The function returns null
if your resource could not be found, otherwise you directly have an input stream to parse your resource.
Solution 3 - Java
Expanding on @Uwe Allner 's excellent answer, a failsafe method to use is
private FileSystem initFileSystem(URI uri) throws IOException
{
try
{
return FileSystems.getFileSystem(uri);
}
catch( FileSystemNotFoundException e )
{
Map<String, String> env = new HashMap<>();
env.put("create", "true");
return FileSystems.newFileSystem(uri, env);
}
}
Calling this with the URI you are about to load will ensure the filesystem is in working condition.

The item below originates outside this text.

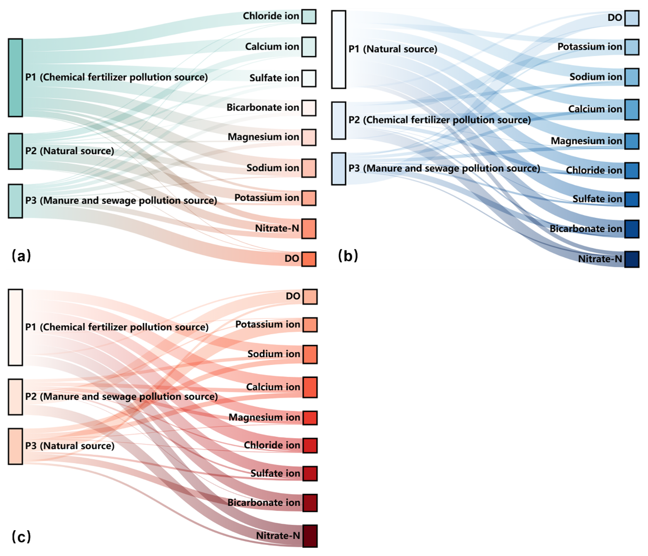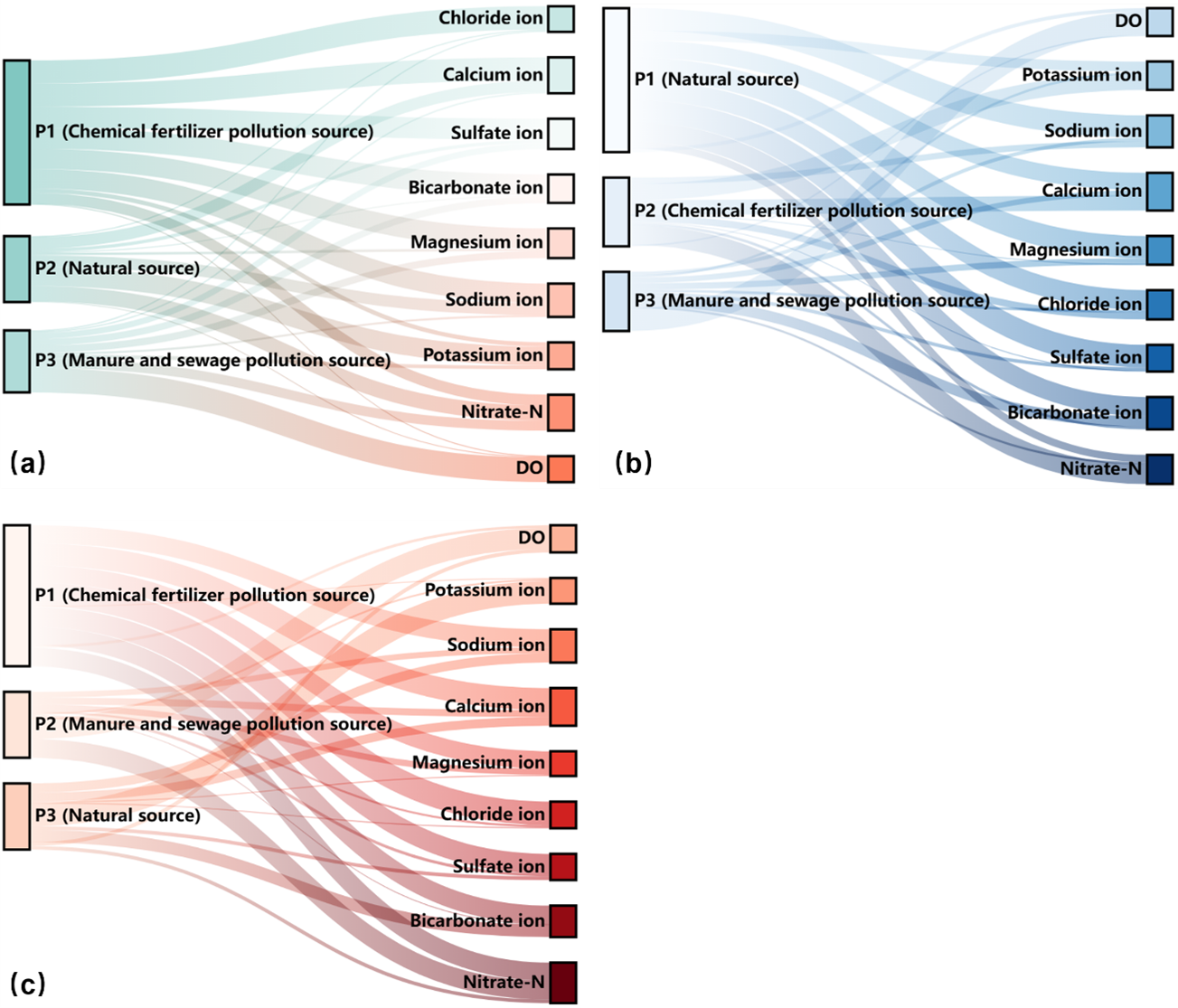 Figure 5Sankey graph of rotation factor load matrix for hydrochemical indexes. (a) Generalized single-layer aquifer. (b) Actual double-layer aquifer (unconfined groundwater).(c) Actual double-layer aquifer (confined groundwater).

I always call FileSystem.close()
after using it:
FileSystem zipfs = initFileSystem(fileURI);
filePath = Paths.get(fileURI);
// Do whatever you need and then close the filesystem
zipfs.close();
Solution 4 - Java
In addition to @Uwe Allner and @mvreijn:
Be careful with the URI
. Sometimes the URI
has a wrong format (e.g. "file:/path/..."
and correct one would be "file:///path/..."
) and you cant get a proper FileSystem
.
In this case it helps that the URI
is created from the Path
's toUri()
method.
In my case I modified initFileSystem
method a little bit and used in non exceptional cases the FileSystems.newFileSystem(uri, Collections.emptyMap())
. In exceptional case the FileSystems.getDefault()
is used.
In my case it was also necessary to catch the IllegalArgumentException
to handle the case with Path component should be '/'
. On windows and linux the exception is caught but the FileSystems.getDefault()
works. On osx no exception happens and the newFileSystem
is created:
private FileSystem initFileSystem(URI uri) throws IOException {
try {
return FileSystems.newFileSystem(uri, Collections.emptyMap());
}catch(IllegalArgumentException e) {
return FileSystems.getDefault();
}
}